Prompt
Reproduce the material below only from the line with "Rockstar is Premium" to the line with "Set 4 pcs L.", both included, keeping each line exact and dropping the pictures.

Source data
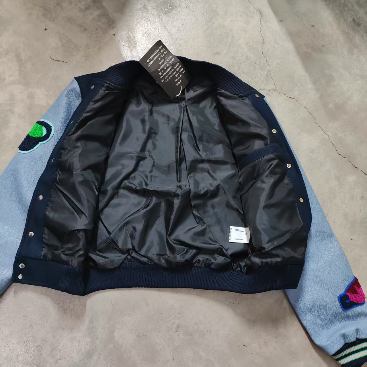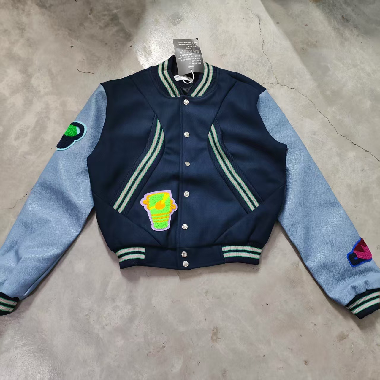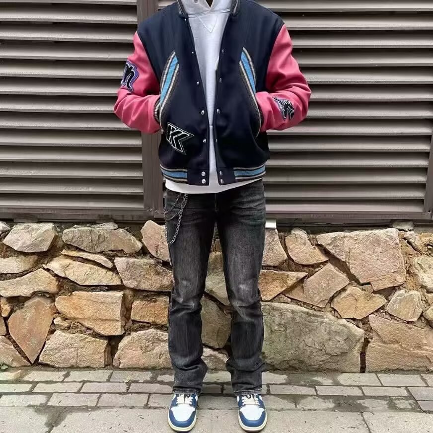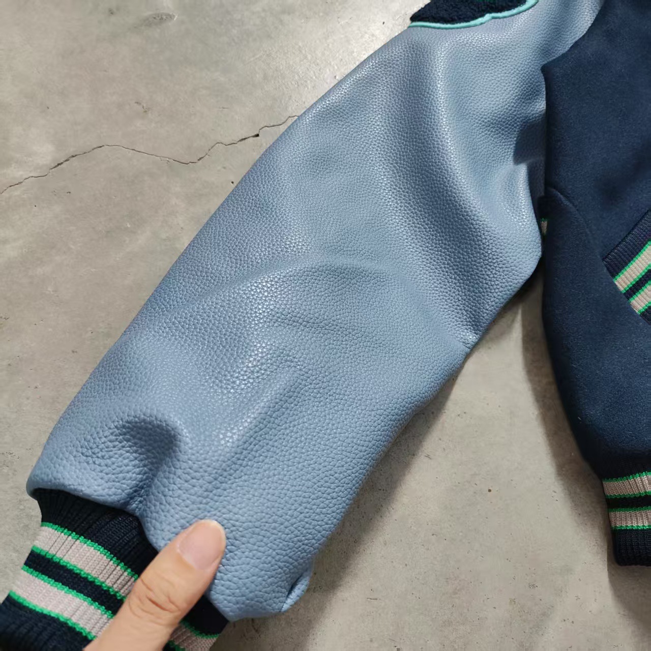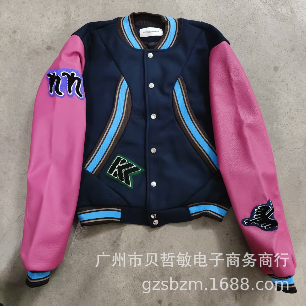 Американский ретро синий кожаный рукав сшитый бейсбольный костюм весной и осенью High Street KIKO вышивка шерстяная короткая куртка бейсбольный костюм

==

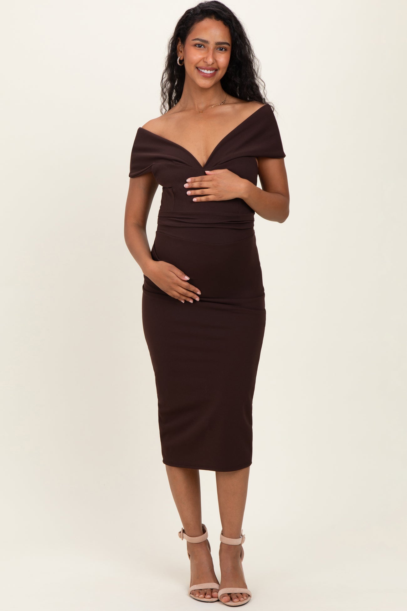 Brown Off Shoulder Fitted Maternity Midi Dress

...

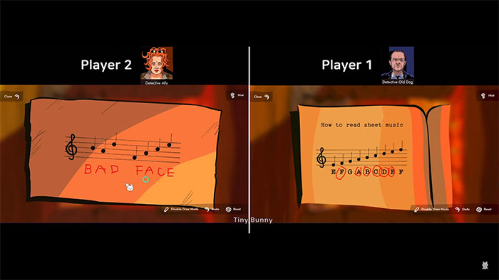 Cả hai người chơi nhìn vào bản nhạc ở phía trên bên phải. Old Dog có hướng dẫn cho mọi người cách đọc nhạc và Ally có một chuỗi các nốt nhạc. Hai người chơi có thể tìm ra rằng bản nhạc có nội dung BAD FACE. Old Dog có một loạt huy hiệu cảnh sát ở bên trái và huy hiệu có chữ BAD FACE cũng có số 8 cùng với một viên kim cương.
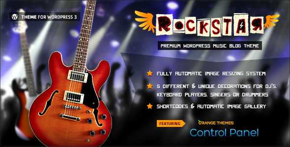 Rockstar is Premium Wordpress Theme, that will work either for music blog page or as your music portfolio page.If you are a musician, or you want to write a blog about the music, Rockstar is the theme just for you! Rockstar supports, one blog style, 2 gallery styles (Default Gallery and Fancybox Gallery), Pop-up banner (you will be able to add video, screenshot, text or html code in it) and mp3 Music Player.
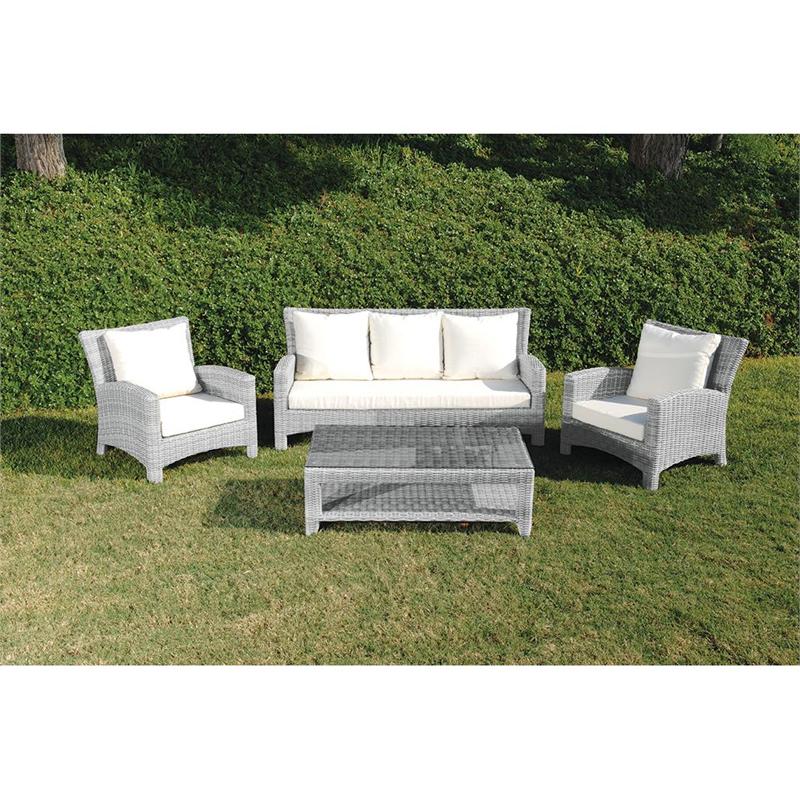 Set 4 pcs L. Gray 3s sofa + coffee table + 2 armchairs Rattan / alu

Response area
 Rockstar is Premium Wordpress Theme, that will work either for music blog page or as your music portfolio page.If you are a musician, or you want to write a blog about the music, Rockstar is the theme just for you! Rockstar supports, one blog style, 2 gallery styles (Default Gallery and Fancybox Gallery), Pop-up banner (you will be able to add video, screenshot, text or html code in it) and mp3 Music Player.
 Set 4 pcs L. Gray 3s sofa + coffee table + 2 armchairs Rattan / alu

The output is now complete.